Mexican footballer (born 1980)

Fátima Leyva Morán (born 14 February 1980) is a retired Mexica footballer who played for the Mexico women's national football team. She played as a midfielder for the Michigan Chill SC of the WPSL.

==Playing career==
During her international career, Leyva participated at numerous tournaments, namely the CONCACAF (1998), Nike Cup (1998, 2000), World Cup (1999), Pan American Games (1999, 2003) and Copa de Oro (2000) tournaments.

Leyva was the captain of FC Indiana in the W-League.
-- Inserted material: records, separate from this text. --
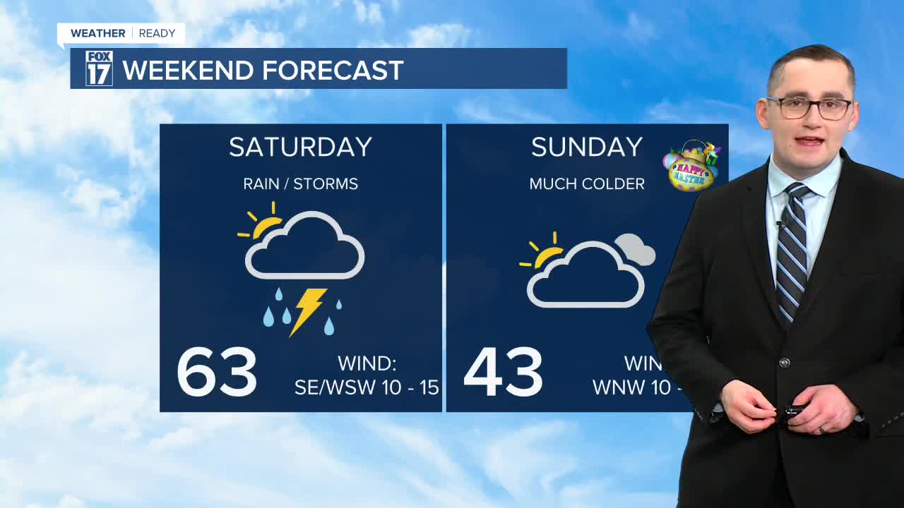 The forecast from FOX 17 Weather Ready Meteorologist Colton Cichoracki: After a day with rain and storms on Thursday, we will see a break in the action today but it will be short-lived as another system comes in overnight. To wrap up the week, mostly cloudy skies are expected with a few breaks in the clouds in the afternoon. Temperatures today will be largely in the 50s. Overnight, after midnight, rain and storms will move into West Michigan. Lows are in the middle 40s. On Saturday, showers and thunderstorms are likely as well but it should end in the afternoon. Temperatures will be in the lower 60s. Rainfall totals through Saturday could be around another inch. For Easter Sunday, we will be mostly dry outside of a flurry or sprinkle. Highs will be in the lower 40s. Next week, a weak system could bring a few rain/snow showers Monday but a warm-up is coming by the end of the week.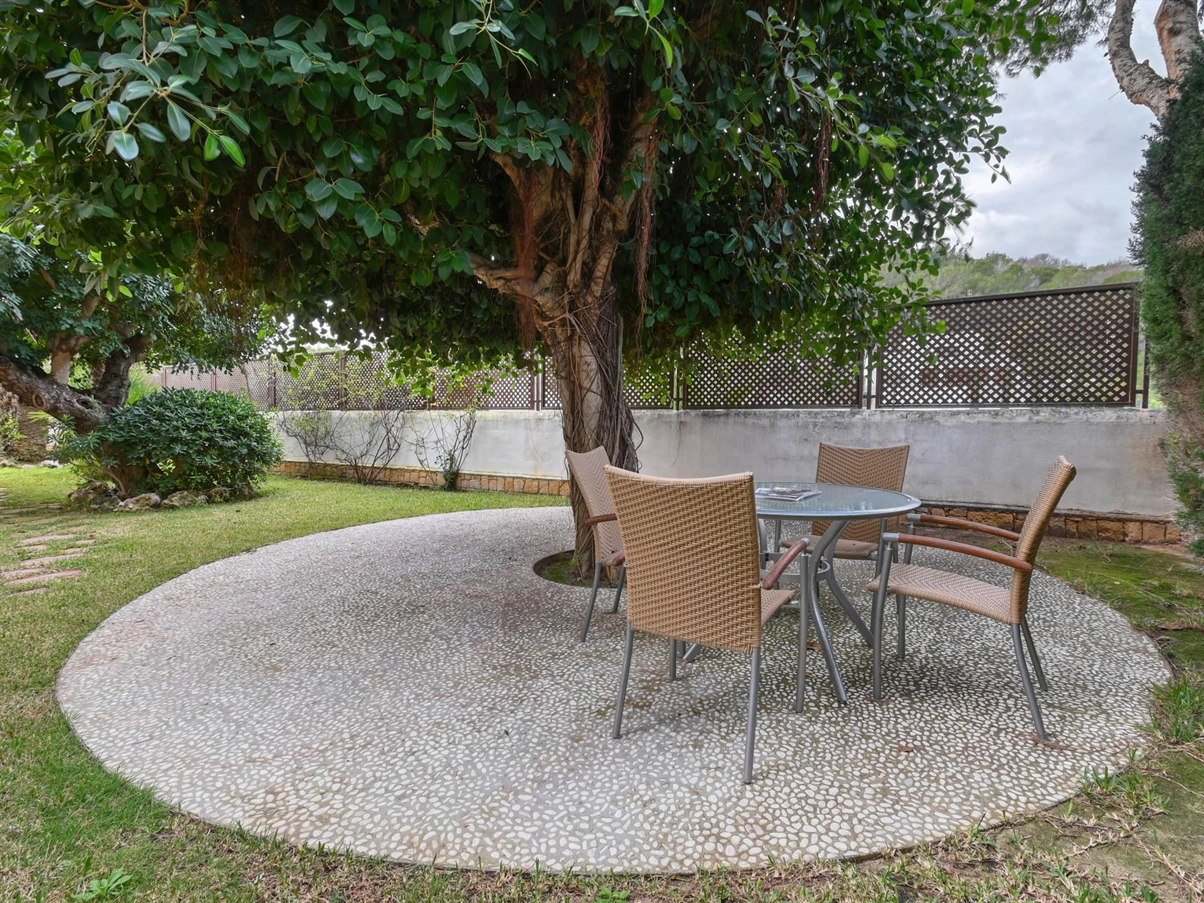 * wonderful lawned garden with trees and garden furniture with sunbeds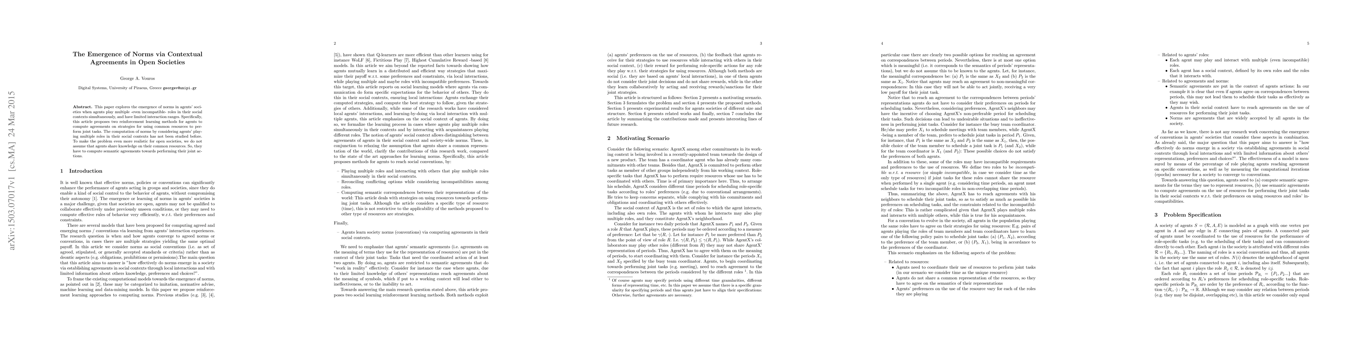 This paper investigates how norms emerge in open societies through contextual agreements among agents playing multiple roles, proposing two reinforcement learning methods for strategy computation. Empirical results show efficient convergence to norms, even in complex settings with limited shared knowledge.

In 2010, she signed for Russian champion Zvezda Perm, where she reunited her former coach Shek Borkowski. During her career with Zvezda Perm, Leyva and her team became runners-up in Russia's professional league. That same season, Zvezda Perm became quarter finalist in the UEFA Champions League.

Leyva's season with Zvezda Perm, drove Russian team FC Zorky Krasnogorsk to sign Leyva for their 2012–2013 season. During that season, FC Zorky became Russian League Champions and UEFA Champions League finalist.

In May 2016, Leyva signed with Michigan Chill SC and was named the team captain.

==Broadcasting career==
After the Mexico national team failed to qualify for the 2003 women's World Cup, she was hired by Univision as a color commentator for its Cup transmissions.